Hannibal Person, MD  Pediatric Gastroenterology & Hepatology
Dr. Hannibal Person is an Assistant Professor of Pediatrics in the Division of Gastroenterology and Hepatology at Seattle Children’s Hospital and University of Washington. He has always been fascinated by the intersection of mental and physical health and completed training in pediatric medicine as well as general and child & adolescent psychiatry. His clinical passion is disorders of gut-brain interaction, and he is currently building the Gut-Brain Health Program, an interdisciplinary program for children with chronic gastrointestinal symptoms. His research passion is racial health equity, and he is currently completing projects related to mitigating provider racial bias via educational interventions. 

 

Mariya Sweetwyne, PhD   Laboratory Medicine and Pathology
Dr. Mariya Sweetwyne is an Assistant Professor Laboratory Medicine & Pathology. She is a renal cell biologist who focuses on the cellular mechanisms of aging kidneys and chronic kidney diseases.

 

 

Luis Tulloch Palomino, MD Allergy and Infectious Diseases
Dr. Luis Tulloch-Palomino is a Clinical Assistant Professor and clinician-teacher in the Division of Allergy and Infectious Diseases. He is the lead of the Antimicrobial Stewardship and HIV Telehealth programs at the VA Puget Sound. In his current role he works to optimize antimicrobial use and increase access to HIV prevention and screening services for rural and other underserved Veterans.

 

Porshia Underwood, MD Obstetrics and Gynecology
Dr. Porshia Underwood is a diligent and concerned OB-GYN. She practices medicine as a part of UW Medicine Women’s Health Care and offers OB-GYN consultations for various health issues. These include uterine fibroids, breast problems, vaginal irritation, hormonal imbalance, and menopause.

 

Oscar Vivas, PhD Physiology and Biophysics
Dr. Oscar Vivas is a Research Assistant Professor in the Department of Physiology and Biophysics. He is interested in understanding how aging alters the autonomic nervous system. His professional goal is to have a laboratory with an established culture based on peer mentoring, collaboration, and the general principle of helping others.

 

Holly Hoa Vo, MD, MPH Pediatric Pulmonary & Critical Care
Dr. Holly Hoa Vo is a new faculty member and a clinician, educator, and researcher. Prior to medical school she was a middle school math and science teacher for a few years in Brooklyn, NY. As she moved through medical school and subsequent teaching, she found ways to tie together her various interests in teaching, public health, and bioethics by being involved in various organizations and projects. Her interest in bioethics fits hand in glove with her professional background and strong interest in global health and healthcare equity.

 

Afua Yorke, PhD Radiation Oncology
Dr.

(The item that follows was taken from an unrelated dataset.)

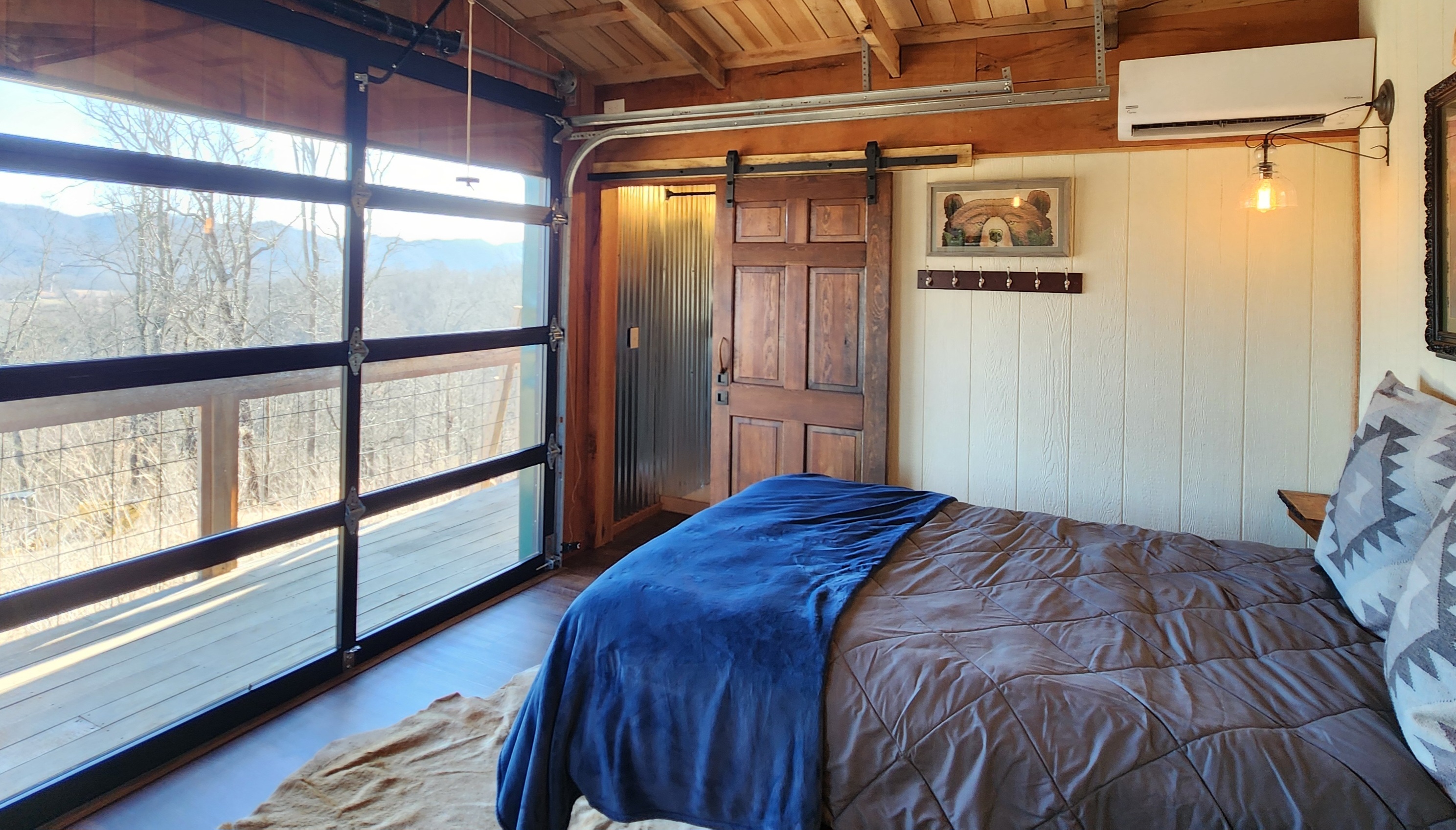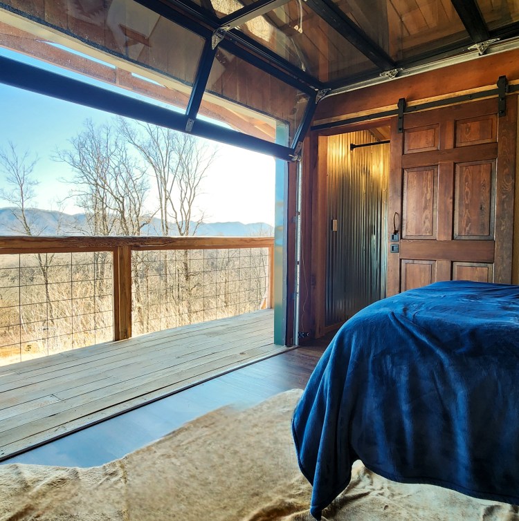 Press a button, and the full glass automated door opens directly from your sleeping area, folding up to reveal the Clinch Mountains in their entirety. Let the morning light spill across the valley while you’re still in bed. Let the mountain air find you before the day does. This is what we built it for.

Yorke is an Assistant Professor in Medical Physics at the Department of Radiation Oncology. Her research focus is in Global Oncology working with radiotherapy centers in Lower-Middle Income countries investigating their medical physics quality assurance and management practices to improve patient care. She works with the Girls Excellence Movement in Ghana as the director of STEM to change the narrative and outlook for young girls. She is passionate about education, training, and mentoring.